BEGIN

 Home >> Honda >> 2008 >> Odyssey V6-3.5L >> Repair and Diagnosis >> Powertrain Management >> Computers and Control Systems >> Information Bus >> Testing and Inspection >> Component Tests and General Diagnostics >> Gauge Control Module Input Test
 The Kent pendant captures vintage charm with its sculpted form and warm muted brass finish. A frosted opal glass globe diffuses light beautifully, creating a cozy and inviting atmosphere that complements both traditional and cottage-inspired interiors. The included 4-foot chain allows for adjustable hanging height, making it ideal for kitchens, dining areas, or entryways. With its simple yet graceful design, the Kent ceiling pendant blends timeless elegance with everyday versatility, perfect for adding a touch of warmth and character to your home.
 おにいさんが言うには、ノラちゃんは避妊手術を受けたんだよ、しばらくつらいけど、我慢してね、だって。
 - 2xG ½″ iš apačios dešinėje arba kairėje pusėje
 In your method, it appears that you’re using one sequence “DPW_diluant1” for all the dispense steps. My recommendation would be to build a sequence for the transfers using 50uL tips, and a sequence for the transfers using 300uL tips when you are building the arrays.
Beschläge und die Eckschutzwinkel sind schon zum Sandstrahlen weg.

END
BEGIN

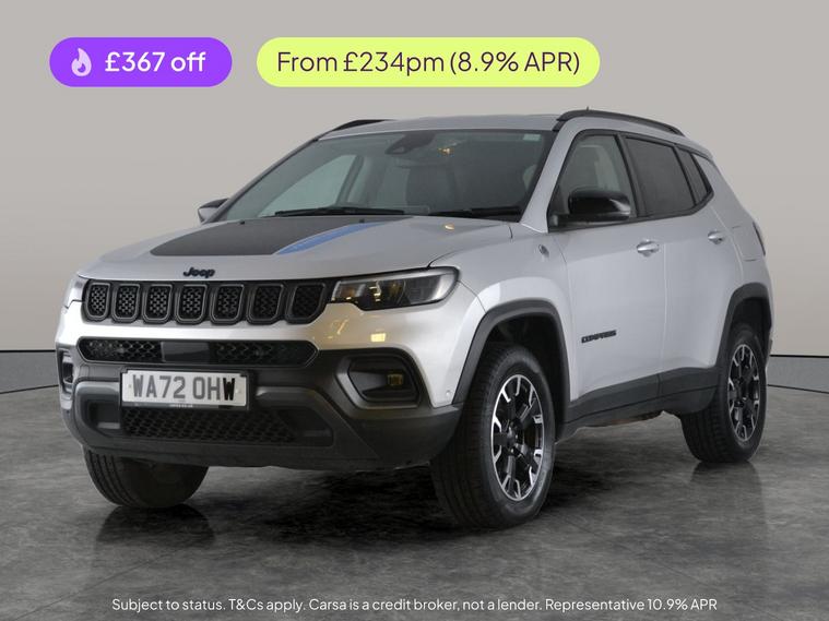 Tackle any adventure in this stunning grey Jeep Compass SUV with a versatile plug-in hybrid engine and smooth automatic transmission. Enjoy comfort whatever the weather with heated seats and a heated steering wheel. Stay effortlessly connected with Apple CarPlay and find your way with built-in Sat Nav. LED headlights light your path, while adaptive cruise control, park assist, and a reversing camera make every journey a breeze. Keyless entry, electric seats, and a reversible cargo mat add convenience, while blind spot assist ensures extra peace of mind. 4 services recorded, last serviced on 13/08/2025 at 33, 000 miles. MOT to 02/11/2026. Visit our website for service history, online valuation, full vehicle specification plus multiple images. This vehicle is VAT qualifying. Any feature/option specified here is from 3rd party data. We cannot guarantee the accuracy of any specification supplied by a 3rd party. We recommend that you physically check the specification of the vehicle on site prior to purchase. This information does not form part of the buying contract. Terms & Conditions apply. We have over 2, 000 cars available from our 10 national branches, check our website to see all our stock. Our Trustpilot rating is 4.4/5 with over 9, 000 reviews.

END

→ **DIRECTIONS**
Please give an exact copy of the entries above, from the line with "The Kent pendant" down to the line with "おにいさんが言うには、ノラち", inclusive, and nothing else.

→ **RESULT OF THIS TASK**
 The Kent pendant captures vintage charm with its sculpted form and warm muted brass finish. A frosted opal glass globe diffuses light beautifully, creating a cozy and inviting atmosphere that complements both traditional and cottage-inspired interiors. The included 4-foot chain allows for adjustable hanging height, making it ideal for kitchens, dining areas, or entryways. With its simple yet graceful design, the Kent ceiling pendant blends timeless elegance with everyday versatility, perfect for adding a touch of warmth and character to your home.
 おにいさんが言うには、ノラちゃんは避妊手術を受けたんだよ、しばらくつらいけど、我慢してね、だって。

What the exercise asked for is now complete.